[Records from a collection]

____

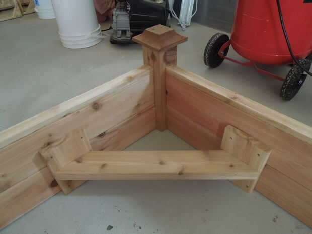 Para instalar la Cruz llaves posición en la esquina con las placas de 5/4 ajustados contra los lados de la maceta. Poner cuatro tornillos en cada pieza de cartón ondulado 5/4 en los extremos de la cruceta; uno en cada esquina con dos tornillos en la pieza del lado inferior y dos tornillos en la pieza de la parte superior (ver foto 2). Cada plantador debe tener un total de dos soportes transversales a cada uno en las esquinas opuestas.
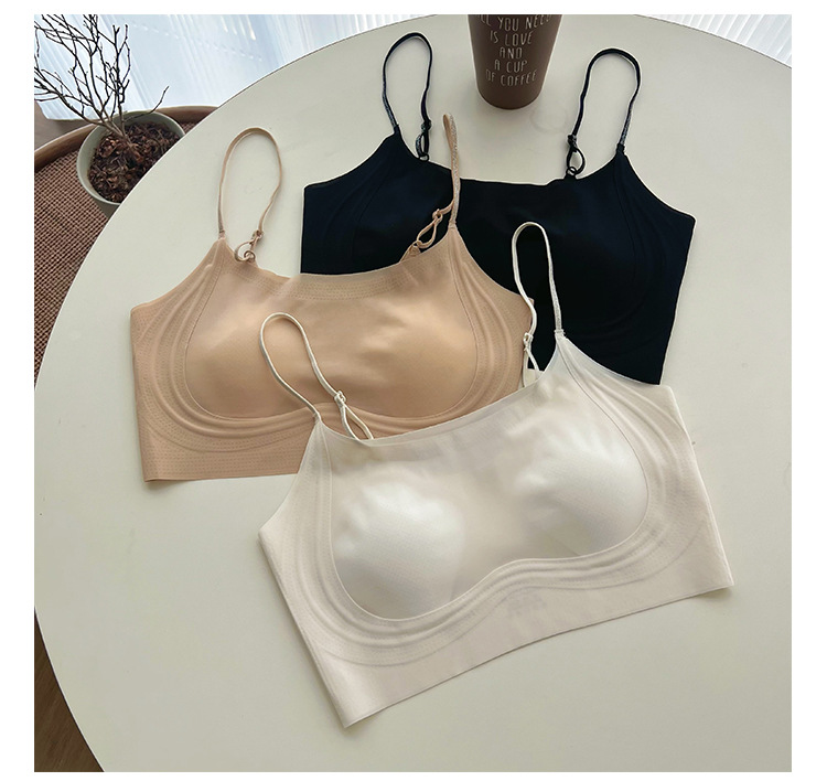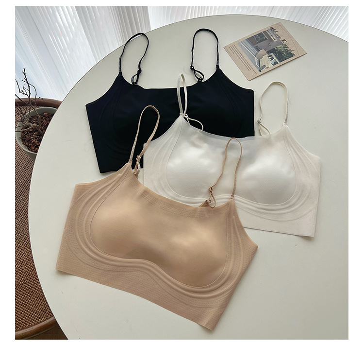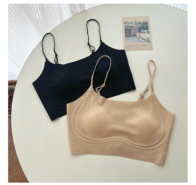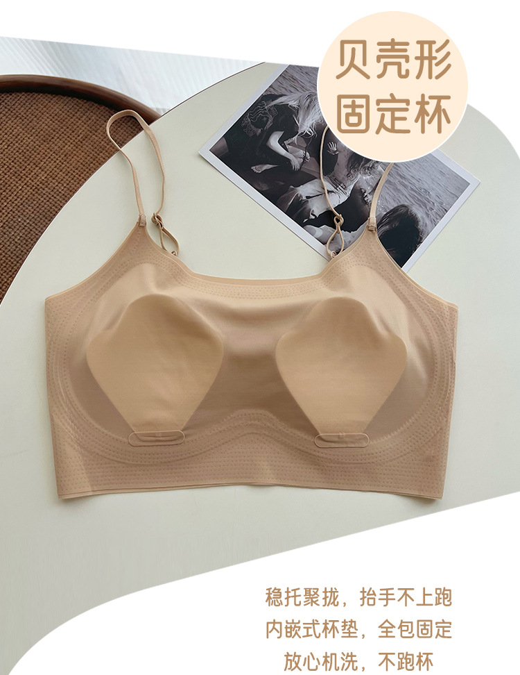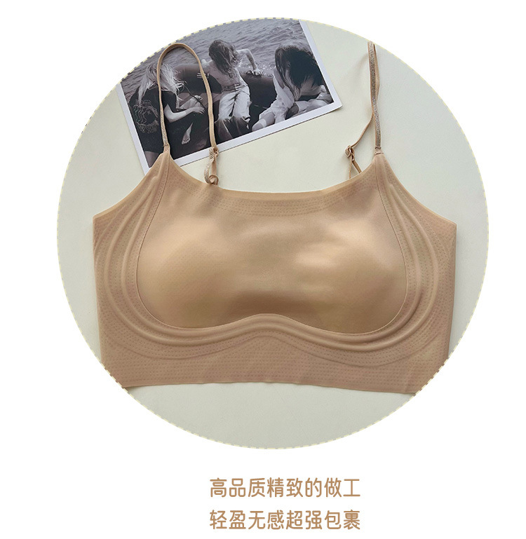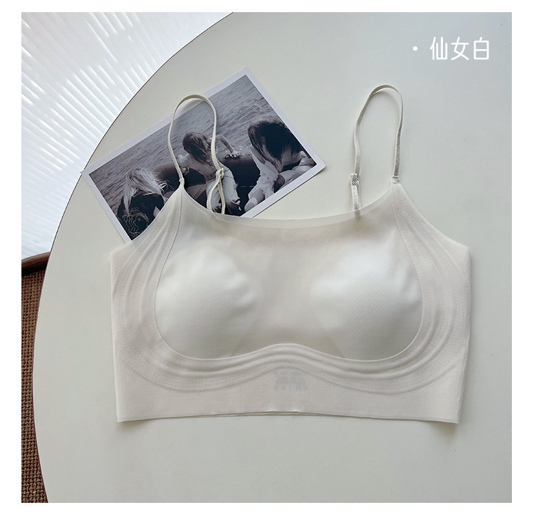 夏用アイススキンクールシームレスサスペンダー下着、大きな胸の女の子用、通気性のあるシェルカップ、細いストラップ、オフショルダー、美しい背中の女の子用
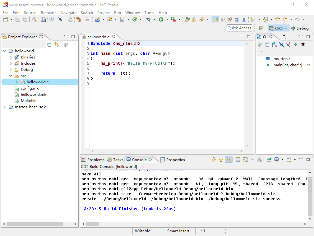 开发 MS-RTOS 需要安装专用的集成开发环境 IDE —— IoT Studio,MS-RTOS 开发工具包下载 ,下面简述每款 MS-RTOS 开发工具的用途:
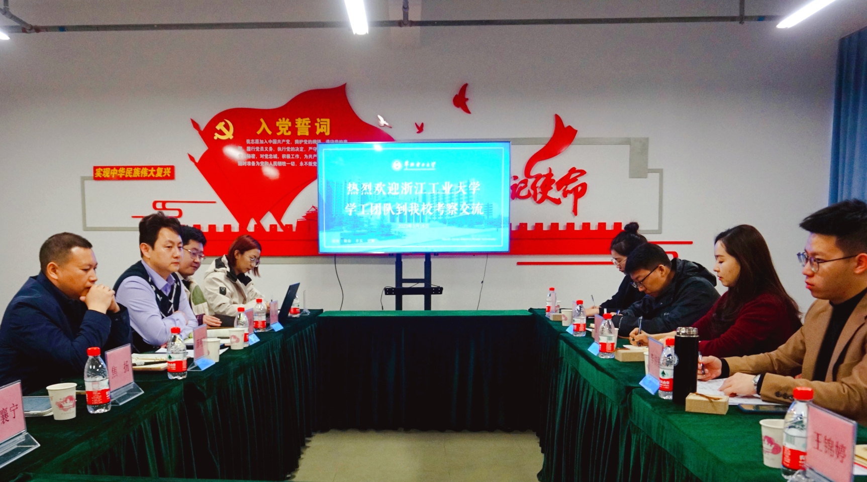 座谈会上,赵珥希、薛明磊对浙江工业大学同仁的来访表示热烈欢迎。浙江工业大学金鑫对两个吃瓜网 热情接待表示感谢,说明了此次调研的目的和希望交流的几方面问题,双方围绕学生工作、辅导员队伍建设等展开交流。
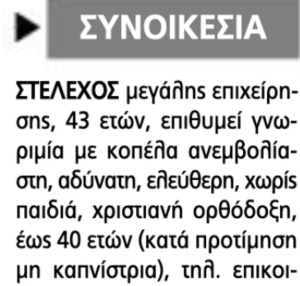 Όπως αναφέρει η αγγελία, «ΣΤΕΛΕΧΟΣ μεγάλης επιχείρησης, 43 ετών, επιθυμεί γνωριμία με κοπέλα ανεμβολίαστη, αδύνατη, ελεύθερη, χωρίς παιδιά, χριστιανή ορθόδοξη, έως 40 ετών (κατά προτίμηση μη καπνίστρια)».
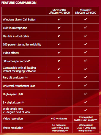 The Microsoft LifeCam VX-6000 is optimized for Windows Live Messenger, which is used by the largest worldwide instant messenger community with over 200 million users. Three key features give you a superior Windows Live Experience. First, the Windows Live Call Button makes it easy to start a video call. Simply press the button to see who's online, and you're on your way to a video call. Second, with the LifeCam Dashboard you can access video effects and control your webcam from the Windows Live Messenger window. Lastly, with One-Touch Blogging, a single click allows you to upload to Windows Live Spaces, an "online scrapbook" that lets you easily post blogs, photo albums, and personal music lists.
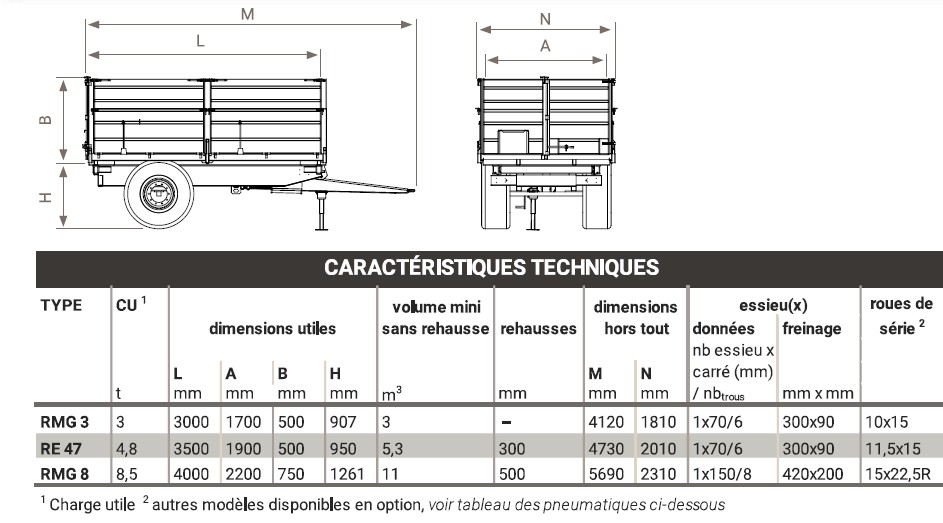 Remorques à ridelles simple essieu – Gamme RMG-RE
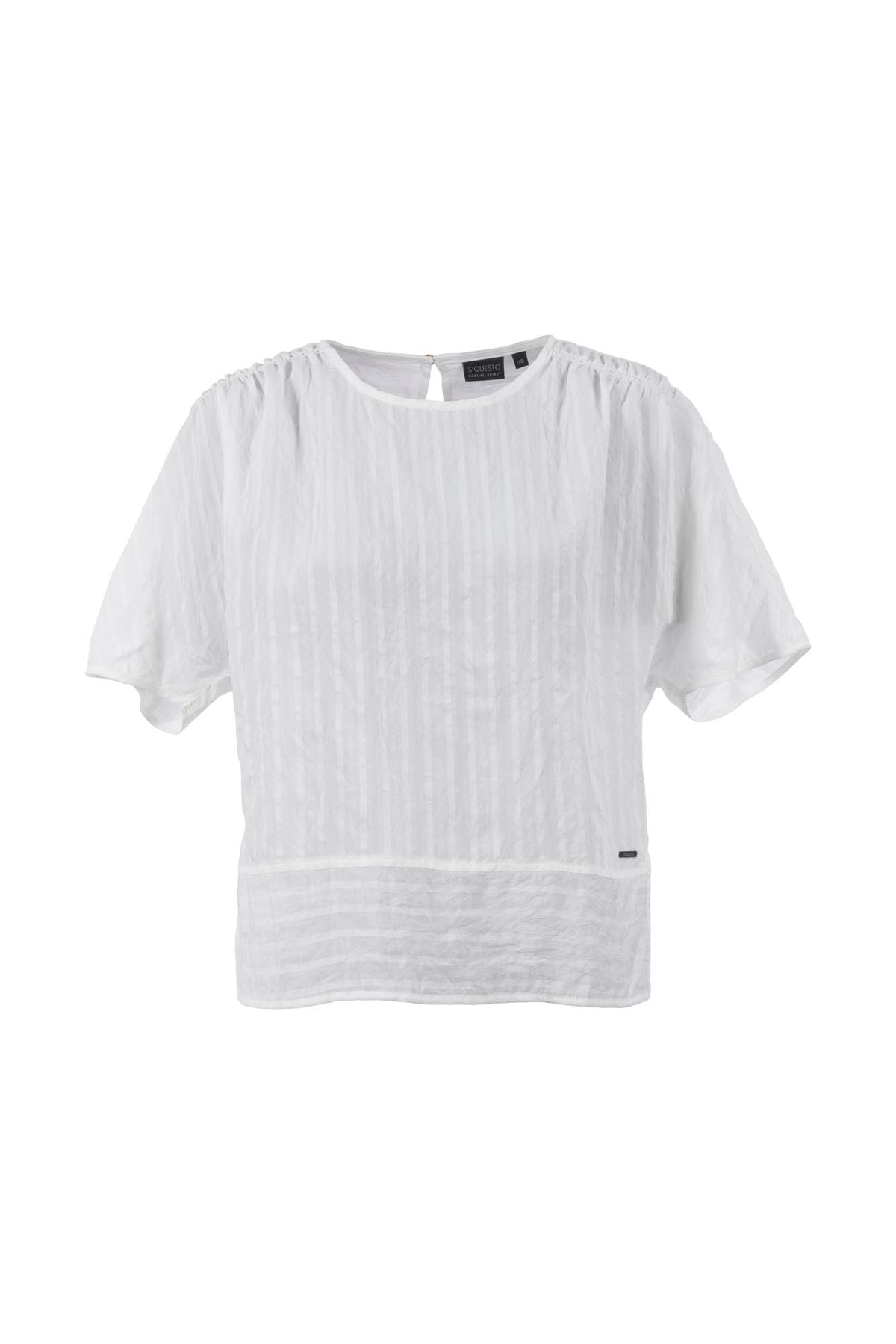 Diese stilvolle Damenbluse überzeugt mit einer dezenten, tonigen Streifenoptik und einem femininen Schnitt – ideal für sommerliche Tage. Die locker fallende Passform mit überschnittenen Schultern sorgt für einen modernen, entspannten Look und angenehmen Tragekomfort. Raffungen an den Schultern verleihen der Bluse eine zarte, verspielte Note. Ein besonderer Hingucker ist der elegante Schlitz mit Knopfverschluss im Rücken, der zusätzlich Leichtigkeit und Raffinesse ins Design bringt. Ob zur Jeans, Stoffhose oder zum Rock – diese Bluse lässt sich vielseitig kombinieren und passt sowohl ins Büro als auch in die Freizeit.

____

## HOW TO COMPLETE THIS TASK
Pictures are to be left out; otherwise, retype exactly the lines from the first line of the data through the line containing "Όπως αναφέρει η".

## TASK SOLUTION
 Para instalar la Cruz llaves posición en la esquina con las placas de 5/4 ajustados contra los lados de la maceta. Poner cuatro tornillos en cada pieza de cartón ondulado 5/4 en los extremos de la cruceta; uno en cada esquina con dos tornillos en la pieza del lado inferior y dos tornillos en la pieza de la parte superior (ver foto 2). Cada plantador debe tener un total de dos soportes transversales a cada uno en las esquinas opuestas.
 夏用アイススキンクールシームレスサスペンダー下着、大きな胸の女の子用、通気性のあるシェルカップ、細いストラップ、オフショルダー、美しい背中の女の子用
 开发 MS-RTOS 需要安装专用的集成开发环境 IDE —— IoT Studio,MS-RTOS 开发工具包下载 ,下面简述每款 MS-RTOS 开发工具的用途:
 座谈会上,赵珥希、薛明磊对浙江工业大学同仁的来访表示热烈欢迎。浙江工业大学金鑫对两个吃瓜网 热情接待表示感谢,说明了此次调研的目的和希望交流的几方面问题,双方围绕学生工作、辅导员队伍建设等展开交流。
 Όπως αναφέρει η αγγελία, «ΣΤΕΛΕΧΟΣ μεγάλης επιχείρησης, 43 ετών, επιθυμεί γνωριμία με κοπέλα ανεμβολίαστη, αδύνατη, ελεύθερη, χωρίς παιδιά, χριστιανή ορθόδοξη, έως 40 ετών (κατά προτίμηση μη καπνίστρια)».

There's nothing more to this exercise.